Segmentation and Streaming
Despite fine-tuning the smaller model, the time required to annotate sentences can still vary unpredictably. One sentence might be annotated in under a second, while another of similar length and complexity might take 3–5 seconds. Since large language models are often “black boxes,” we can’t always explain these discrepancies.
To provide a smoother user experience, I implemented two techniques:
- Splitting text into smaller pieces: Shorter inputs usually process faster. When a user sends a block of text, I break it into smaller segments and process them asynchronously. This way, total runtime is capped by the “slowest” small task.

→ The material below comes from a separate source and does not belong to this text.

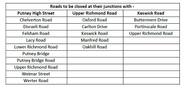 Roads to be closed at their junctions with -

- Streaming: As each segment is annotated, results are returned immediately (as seen in the demo video). This acts like a progress bar, so the user sees results coming in continuously rather than waiting for everything at once.
Interestingly, segmenting text also improves accuracy, since the model is less prone to errors with shorter inputs.
Possible Improvements
- Okurigana Accuracy: The fine-tuned smaller model still occasionally mishandles okurigana. Including more diverse examples of okurigana during the distillation process could further reduce these errors.
- Refined Segmentation Logic: Right now, I split text using punctuation. Certain authors write very long, punctuation-light sentences, which can lead to slower processing and more mistakes. A better segmentation strategy might help, though we risk losing context if we slice sentences too aggressively.
- Local Model: Hosting the model locally, if feasible, would cut down on both latency and costs. This could be essential as the tool evolves or gains more users.
Random Thoughts
I’m extremely satisfied with how this personal build turned out. It integrates seamlessly with my browser, annotating Japanese text in near-real time and freeing me from the constant dictionary lookups that disrupt my reading flow. There’s also a great deal of potential for refining and expanding the system, and I’m excited to see just how far these techniques can be stretched.
Looking more broadly, I believe language-learning app developers should be on high alert: tools are emerging that can track a learner’s progress, generate fresh, personalized examples, and even conduct interactive practice sessions in the target language—with reading aids dynamically tailored to the learner’s current level. Software that relies exclusively on a hard-coded knowledge base and fixed problem sets is on the verge of becoming obsolete. Before long, apps like Duolingo may feel like relics of a previous century, as more adaptive and intelligent approaches to language learning take center stage.
This future is coming sooner than many expect, and it’s an exciting time to be exploring innovations in language education.